RECORD EXTRACTS —
————————

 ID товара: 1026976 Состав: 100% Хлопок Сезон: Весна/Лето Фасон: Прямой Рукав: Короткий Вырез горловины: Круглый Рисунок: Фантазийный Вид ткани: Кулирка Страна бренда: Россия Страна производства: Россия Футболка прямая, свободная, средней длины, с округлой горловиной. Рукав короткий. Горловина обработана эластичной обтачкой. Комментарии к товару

————————

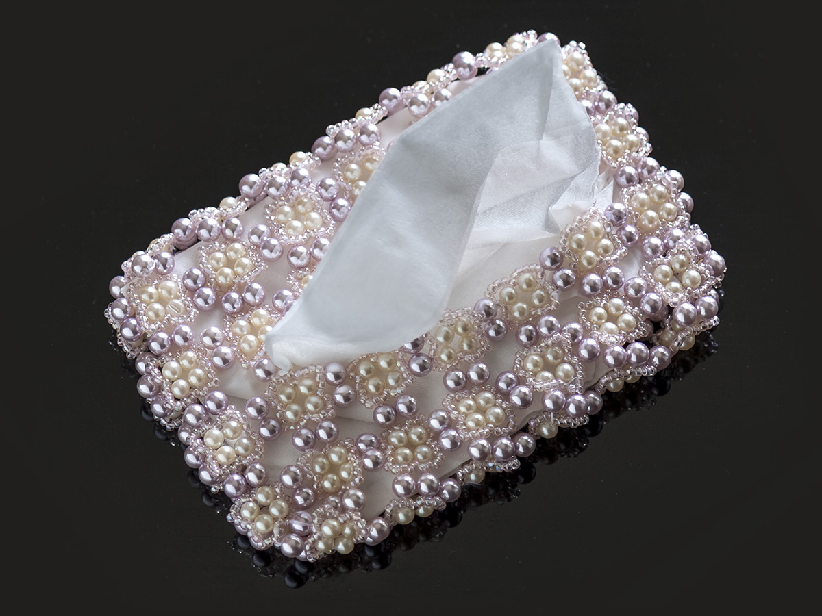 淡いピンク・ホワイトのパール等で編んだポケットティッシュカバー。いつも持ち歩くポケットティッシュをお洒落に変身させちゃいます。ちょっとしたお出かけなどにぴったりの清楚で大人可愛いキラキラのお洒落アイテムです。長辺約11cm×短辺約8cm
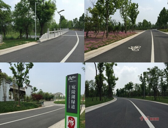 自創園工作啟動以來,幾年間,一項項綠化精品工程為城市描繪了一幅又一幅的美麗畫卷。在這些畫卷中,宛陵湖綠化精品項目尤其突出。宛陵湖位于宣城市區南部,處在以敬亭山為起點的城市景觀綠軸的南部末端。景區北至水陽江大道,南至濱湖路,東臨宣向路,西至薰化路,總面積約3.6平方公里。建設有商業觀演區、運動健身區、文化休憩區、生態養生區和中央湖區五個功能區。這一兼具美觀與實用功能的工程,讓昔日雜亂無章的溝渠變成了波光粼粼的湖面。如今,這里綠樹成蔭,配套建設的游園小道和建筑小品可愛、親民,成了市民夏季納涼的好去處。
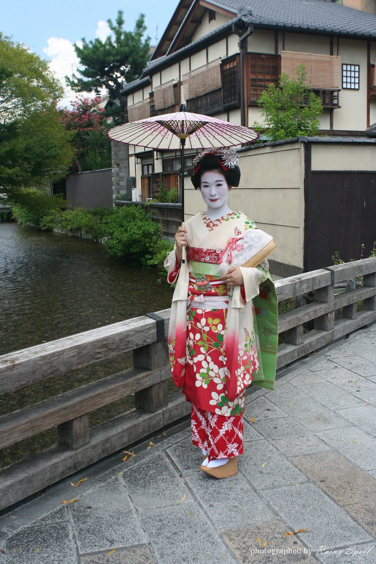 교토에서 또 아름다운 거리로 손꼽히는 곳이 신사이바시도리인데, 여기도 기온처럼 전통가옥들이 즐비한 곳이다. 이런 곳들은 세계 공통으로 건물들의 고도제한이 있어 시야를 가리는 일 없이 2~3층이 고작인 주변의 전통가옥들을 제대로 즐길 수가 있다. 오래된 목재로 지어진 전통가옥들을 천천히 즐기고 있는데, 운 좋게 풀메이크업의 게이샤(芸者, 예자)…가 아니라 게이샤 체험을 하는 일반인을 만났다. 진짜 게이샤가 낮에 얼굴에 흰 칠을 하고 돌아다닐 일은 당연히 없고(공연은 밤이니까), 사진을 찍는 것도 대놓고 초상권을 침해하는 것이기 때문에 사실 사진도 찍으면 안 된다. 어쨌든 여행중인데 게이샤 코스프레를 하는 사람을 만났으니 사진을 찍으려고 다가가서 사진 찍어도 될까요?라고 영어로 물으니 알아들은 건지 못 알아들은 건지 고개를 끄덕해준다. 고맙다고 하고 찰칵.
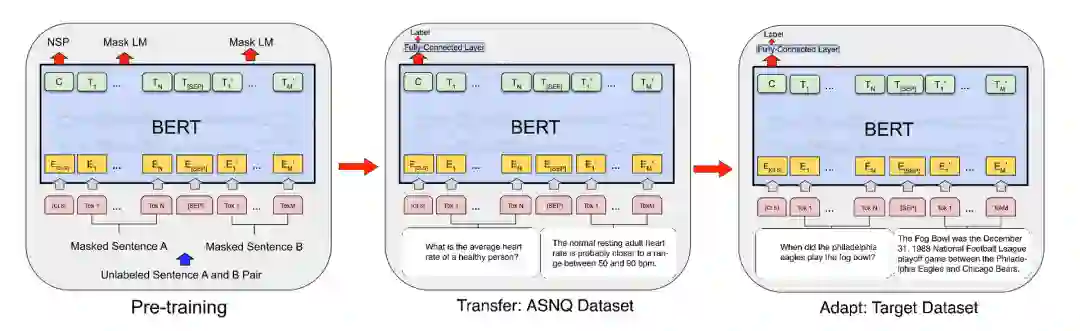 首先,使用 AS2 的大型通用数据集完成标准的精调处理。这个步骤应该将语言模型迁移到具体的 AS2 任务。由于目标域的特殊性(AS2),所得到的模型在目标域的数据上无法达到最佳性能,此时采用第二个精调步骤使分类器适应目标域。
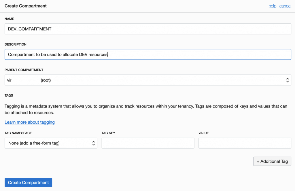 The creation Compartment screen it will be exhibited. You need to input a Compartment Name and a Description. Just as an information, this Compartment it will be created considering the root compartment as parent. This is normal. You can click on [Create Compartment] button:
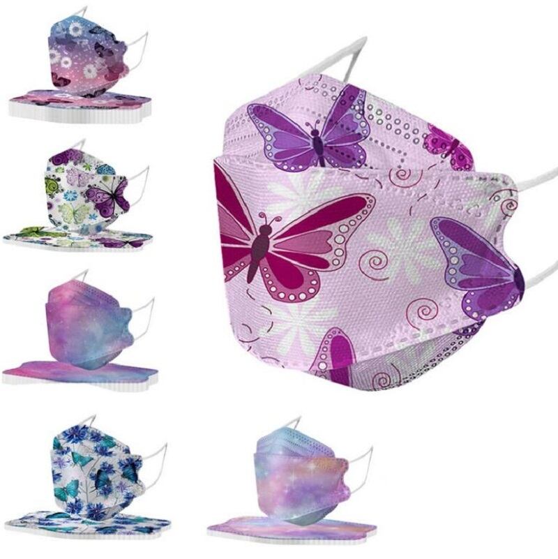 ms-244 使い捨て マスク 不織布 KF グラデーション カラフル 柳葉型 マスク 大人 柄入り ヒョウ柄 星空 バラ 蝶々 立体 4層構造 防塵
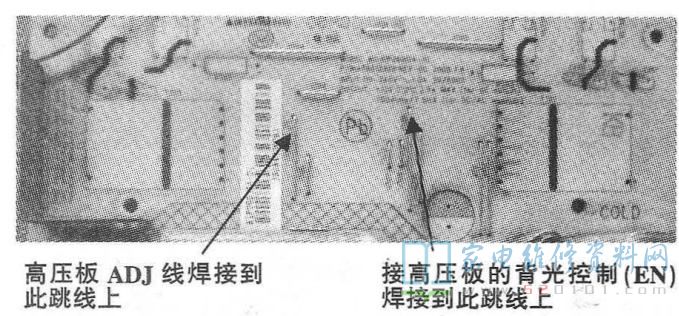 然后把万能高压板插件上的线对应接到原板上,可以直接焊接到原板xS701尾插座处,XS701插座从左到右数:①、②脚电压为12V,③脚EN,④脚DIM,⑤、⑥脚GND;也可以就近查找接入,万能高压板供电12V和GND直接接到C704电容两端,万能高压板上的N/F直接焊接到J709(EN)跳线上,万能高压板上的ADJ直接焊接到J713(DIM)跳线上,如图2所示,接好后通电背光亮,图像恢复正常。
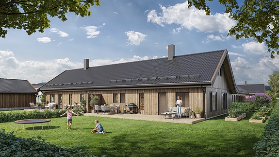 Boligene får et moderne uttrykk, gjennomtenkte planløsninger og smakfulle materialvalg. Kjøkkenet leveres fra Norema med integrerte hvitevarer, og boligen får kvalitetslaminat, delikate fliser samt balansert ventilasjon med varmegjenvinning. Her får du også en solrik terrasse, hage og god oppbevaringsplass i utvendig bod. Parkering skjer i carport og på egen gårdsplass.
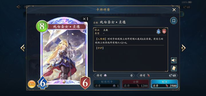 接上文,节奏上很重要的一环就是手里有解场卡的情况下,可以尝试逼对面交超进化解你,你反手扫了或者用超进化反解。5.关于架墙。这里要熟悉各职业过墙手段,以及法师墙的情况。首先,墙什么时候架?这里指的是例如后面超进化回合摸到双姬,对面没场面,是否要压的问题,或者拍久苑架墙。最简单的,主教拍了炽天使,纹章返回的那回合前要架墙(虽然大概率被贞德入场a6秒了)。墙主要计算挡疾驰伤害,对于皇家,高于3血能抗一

————————

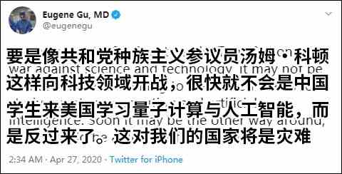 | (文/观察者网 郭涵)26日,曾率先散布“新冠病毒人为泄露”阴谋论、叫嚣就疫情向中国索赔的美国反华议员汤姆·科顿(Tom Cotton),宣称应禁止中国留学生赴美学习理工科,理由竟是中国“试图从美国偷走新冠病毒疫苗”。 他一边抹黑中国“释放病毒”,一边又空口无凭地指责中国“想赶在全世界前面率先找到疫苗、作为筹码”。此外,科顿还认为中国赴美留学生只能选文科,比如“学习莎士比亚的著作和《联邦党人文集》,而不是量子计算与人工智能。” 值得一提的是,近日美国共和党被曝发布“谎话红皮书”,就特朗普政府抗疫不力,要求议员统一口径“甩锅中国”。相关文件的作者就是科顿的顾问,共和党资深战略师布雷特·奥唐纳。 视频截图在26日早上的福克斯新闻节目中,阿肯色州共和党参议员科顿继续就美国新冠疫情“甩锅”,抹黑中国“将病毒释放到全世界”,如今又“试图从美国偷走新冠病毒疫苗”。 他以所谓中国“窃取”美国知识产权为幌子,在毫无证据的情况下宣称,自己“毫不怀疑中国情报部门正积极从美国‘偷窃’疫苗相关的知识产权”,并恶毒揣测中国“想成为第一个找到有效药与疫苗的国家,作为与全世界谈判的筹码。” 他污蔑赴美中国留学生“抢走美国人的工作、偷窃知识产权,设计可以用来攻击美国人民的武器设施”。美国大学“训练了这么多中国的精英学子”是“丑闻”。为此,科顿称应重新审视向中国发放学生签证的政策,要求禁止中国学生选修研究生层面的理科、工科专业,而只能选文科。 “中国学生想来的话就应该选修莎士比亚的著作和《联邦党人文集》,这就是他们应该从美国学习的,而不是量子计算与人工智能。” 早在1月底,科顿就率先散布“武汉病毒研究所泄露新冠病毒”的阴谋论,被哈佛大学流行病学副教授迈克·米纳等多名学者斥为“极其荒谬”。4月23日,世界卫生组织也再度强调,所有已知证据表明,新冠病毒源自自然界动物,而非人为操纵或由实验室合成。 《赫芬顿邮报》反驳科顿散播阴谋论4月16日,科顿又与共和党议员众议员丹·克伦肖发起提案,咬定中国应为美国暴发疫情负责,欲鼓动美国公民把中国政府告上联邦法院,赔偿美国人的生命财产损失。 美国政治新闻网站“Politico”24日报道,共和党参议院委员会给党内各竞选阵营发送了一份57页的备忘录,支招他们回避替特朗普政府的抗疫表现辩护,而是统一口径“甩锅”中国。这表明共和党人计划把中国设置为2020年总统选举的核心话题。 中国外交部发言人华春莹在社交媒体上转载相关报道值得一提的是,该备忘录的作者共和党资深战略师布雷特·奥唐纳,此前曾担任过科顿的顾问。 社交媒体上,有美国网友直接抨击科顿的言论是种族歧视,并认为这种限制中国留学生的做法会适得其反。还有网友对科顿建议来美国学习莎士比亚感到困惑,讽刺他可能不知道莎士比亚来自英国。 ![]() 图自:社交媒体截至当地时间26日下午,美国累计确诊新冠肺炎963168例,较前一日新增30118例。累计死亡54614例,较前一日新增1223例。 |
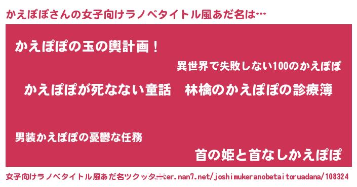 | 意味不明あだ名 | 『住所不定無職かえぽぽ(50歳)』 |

————————

WHAT IS NEEDED — Using the entries above, write out exactly the lines from the one with "首先,使用 AS2 的大型通用数据集完成标准的精调处理。这个步骤应该将语言模型迁移到具体的" through the one with "接上文,节奏上很重要的一环就", ends included. Leave out any pictures.

RESULT BELOW —
 首先,使用 AS2 的大型通用数据集完成标准的精调处理。这个步骤应该将语言模型迁移到具体的 AS2 任务。由于目标域的特殊性(AS2),所得到的模型在目标域的数据上无法达到最佳性能,此时采用第二个精调步骤使分类器适应目标域。
 The creation Compartment screen it will be exhibited. You need to input a Compartment Name and a Description. Just as an information, this Compartment it will be created considering the root compartment as parent. This is normal. You can click on [Create Compartment] button:
 ms-244 使い捨て マスク 不織布 KF グラデーション カラフル 柳葉型 マスク 大人 柄入り ヒョウ柄 星空 バラ 蝶々 立体 4層構造 防塵
 然后把万能高压板插件上的线对应接到原板上,可以直接焊接到原板xS701尾插座处,XS701插座从左到右数:①、②脚电压为12V,③脚EN,④脚DIM,⑤、⑥脚GND;也可以就近查找接入,万能高压板供电12V和GND直接接到C704电容两端,万能高压板上的N/F直接焊接到J709(EN)跳线上,万能高压板上的ADJ直接焊接到J713(DIM)跳线上,如图2所示,接好后通电背光亮,图像恢复正常。
 Boligene får et moderne uttrykk, gjennomtenkte planløsninger og smakfulle materialvalg. Kjøkkenet leveres fra Norema med integrerte hvitevarer, og boligen får kvalitetslaminat, delikate fliser samt balansert ventilasjon med varmegjenvinning. Her får du også en solrik terrasse, hage og god oppbevaringsplass i utvendig bod. Parkering skjer i carport og på egen gårdsplass.
 接上文,节奏上很重要的一环就是手里有解场卡的情况下,可以尝试逼对面交超进化解你,你反手扫了或者用超进化反解。5.关于架墙。这里要熟悉各职业过墙手段,以及法师墙的情况。首先,墙什么时候架?这里指的是例如后面超进化回合摸到双姬,对面没场面,是否要压的问题,或者拍久苑架墙。最简单的,主教拍了炽天使,纹章返回的那回合前要架墙(虽然大概率被贞德入场a6秒了)。墙主要计算挡疾驰伤害,对于皇家,高于3血能抗一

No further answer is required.